*Well, almost everything!
Exisle Publishing
June 2024
ISBN: 9781922539991
RRP: $37.99

Just a week or so ago, we went to see Inside Out 2. We loved the first one and had been waiting on this one even more, especially The Kid because she was keen to see how Anxiety was handled. We are a family to whom anxiety is no stranger, and particularly K, who struggled with it even as a small person, before we lost her mum (possibly often due to her intellectual impairment and difficulty with interpreting situations etc) but, unsurprisingly, had even more issues with it as she got older.
Now at 19 she has begun to self-regulate it, but is always keen to find out more about it and strategies to knock it. And for her, and other young adults like her, this is just a perfect primer.
It’s written in a very easy-to-understand manner with relatable examples, simple and effective strategies and a touch of humour that makes it all both palatable and accessible. It deals with understanding anxiety, recognising it, the good, the bad and the ugly of it and how to control it – or perhaps, more accurately, how to harness it to make it work in your favour.

In my role as Head of Library, overseeing both secondary and primary students, I have seen the all too visible signs of anxiety and have, on several occassions, called upon our school psychologist to counsel various young people.
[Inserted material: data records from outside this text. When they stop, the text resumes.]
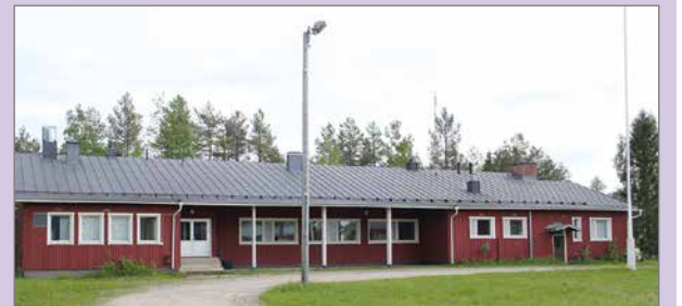
Aittojärven koulurakennus on hyväkuntoinen ja kelpaisi vaikka opiskelukäyttöön, mitä kylällä suuresti toivotaan. Rakennusten väri on vuosikymmenten aikana muuttunut keltaisesta punaiseen.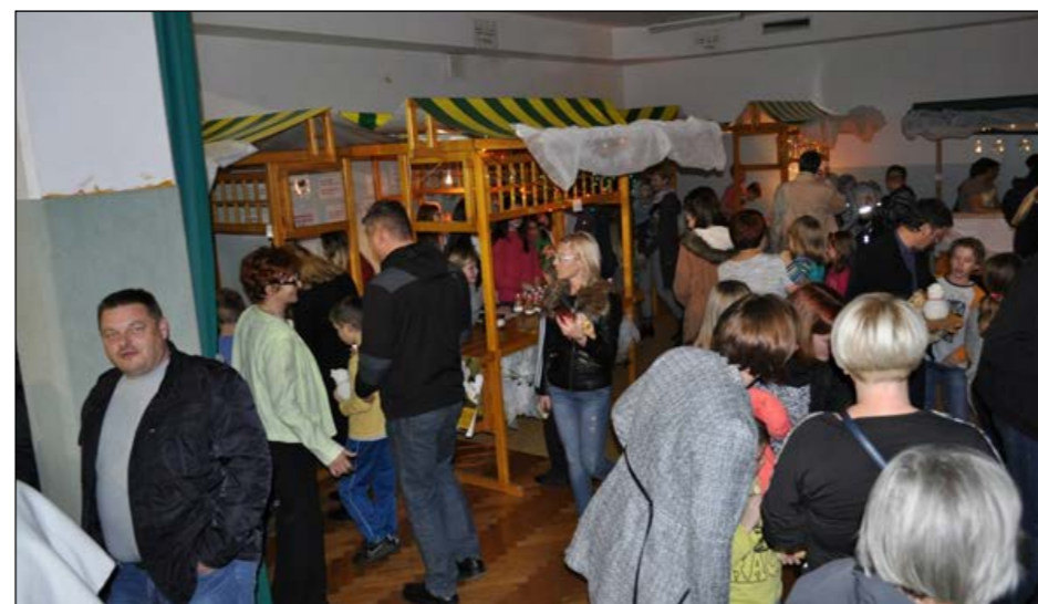
Utrinek s šolskega bazarja

Šolski sklad deluje v okviru šole in ga skupaj upravljamo predstavniki staršev, šole in vrtca. Namen sklada je predvsem financiranje vseh tistih dejavnosti vrtca in šole, ki povečujejo kakovost pouka ali varstva, ga nare-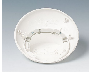
B5111707 Anti-rotation device ABS (UL 94 HB) off-white RAL 9002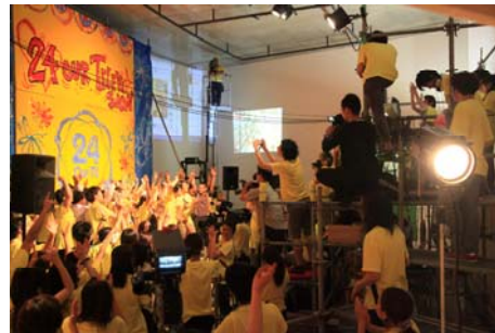
図 5 「24 our Television」ナデガタインスタントパーティー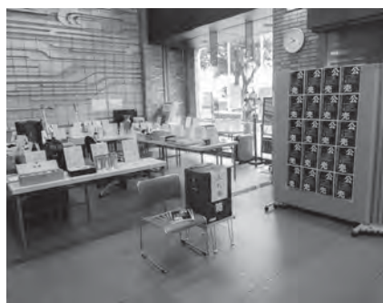
差し押さえたテレビやバッグなどを、平成29年10月に入札方式で公売しました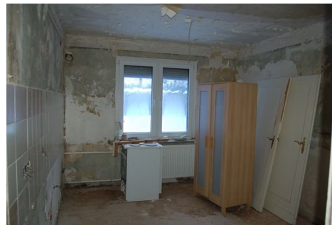
21 Zimmer Wohnung 2.JPG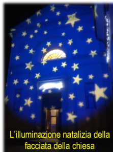
L'illuminazione natalizia della facciata della chiesa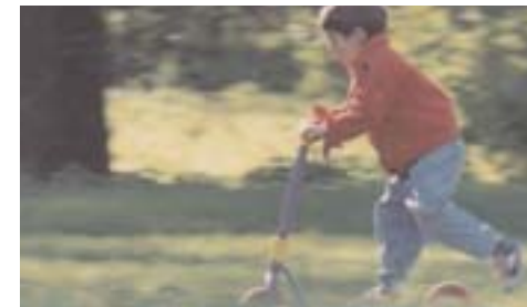
Marcel Lozinski Polen 1995 39 min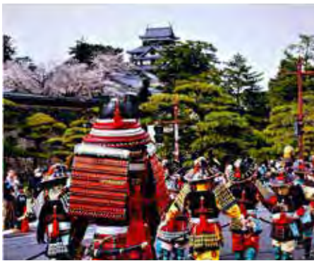
令和7年最優秀賞 / 黒川政治「入城」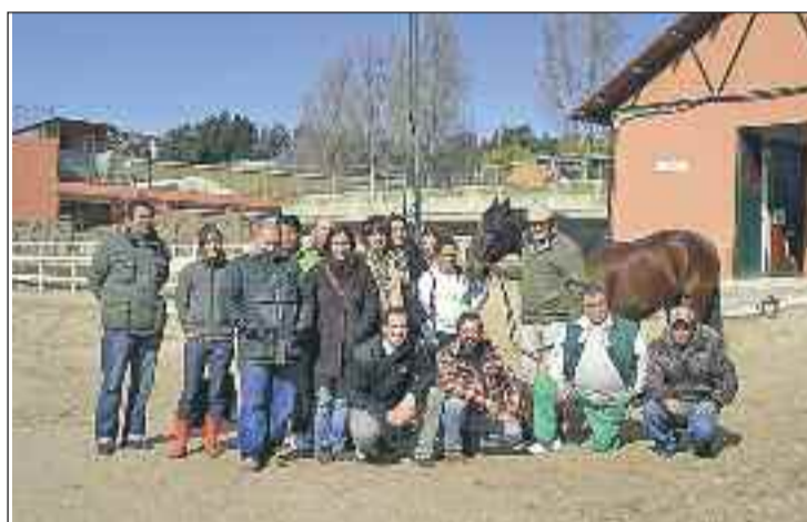
Los alumnos al término del curso estarán capacitados para montar su propio negocio

El Ayuntamiento va a poner en marcha un total de 230 talleres de consumo entre la población escolar del municipio. El objetivo básico de estos talleres es el de difundir el conocimiento de los derechos, deberes e instrumentos de protección del consumidor entre la población más joven para que desde temprana edad los escolares tomen conciencia de sus derechos y obligaciones como consumidores. El Programa Regional de Educación del Consumidor en la Escuela, dependiente de la Comunidad de Madrid adapta los contenidos informativos en materia de consumo a cada tramo de edad. Todos los centros escolares públicos, concertados y privados, así como los Institutos y escuelas infantiles participarán desde finales del mes de marzo y hasta octubre en estos talleres en los que destacan los destinados a la seguridad infantil, aprender a ver anuncios, a leer el etiquetado y sobre reciclaje.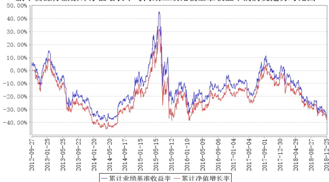
鹏华资源分级累计净值增长率与同期业绩比较基准收益率的历史走势对比图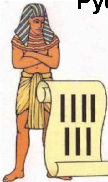
В Древнем Египте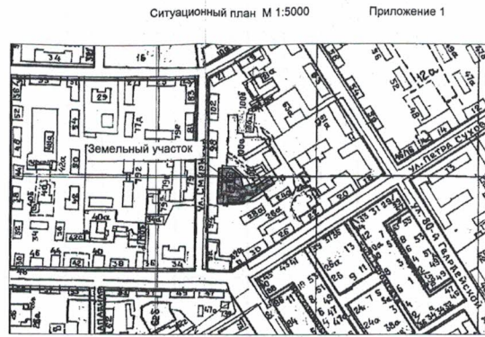
Ситуационный план М 1:5000 Приложение 1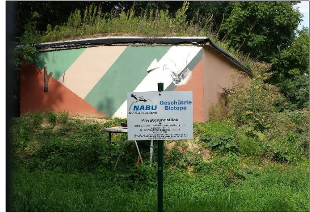
Abb. 7: Außenansicht 1 21.08.2014

Certainly, this is an obvious move, but educating young adults about their mental health is also paramount.
Thankfully, it is becoming more and more de rigeur in schools to address this (although our systems continue to impose so much on both students and staff that it’s little wonder the mental health stats are sky-rocketing *face palm*).
Sometimes even casual remarks such as: make sure you turn off your screens earlier rather than later, a good sleep routine is a good idea, incorporate some kind of exercise, all of which are strategies mentioned in this text, are useful and will be taken on board.
In my libraries and at various schools, we’ve also run meditation/yoga sessions, practised mindful breathing, and I still regularly use the Smiling Mind app for 5 min. refocusing/calming on relief – just bluetooth my mini-speaker to my phone and away we go. I also made sure we had a basket of helpful books in a discreet but strategic place, so that kiddos could go help themselves and, even skim in the lunchbreak, without feeling that everyone was watching them take one off a shelf. It’s SO important for our charges to feel safe and protected when they are feeling most vulnerable.
And, as I’ve mentioned elsewhere since seeing the movie, we have a saying now to ‘put Anxiety in the comfy armchair and make her a cup of tea’. Give your kiddos simple strategies and work with them, whenever you can.
Dr Toni Lindsay is a clinical and health psychologist who has been working with both adults and adolescents for over ten years. She works at Chris O’Brien Lifehouse and teaches at the University of Melbourne (Adolescent Medicine) and the University of Sydney Nursing School. This is such an important book for you to have in your collection, whether personal, classroom or library. Recommend it to your school counsellors and parents via newsletters and certainly promote it to your students. You could be the one who helps them to tame their own Anxiety character. Highly recommended for readers from about 12 upwards.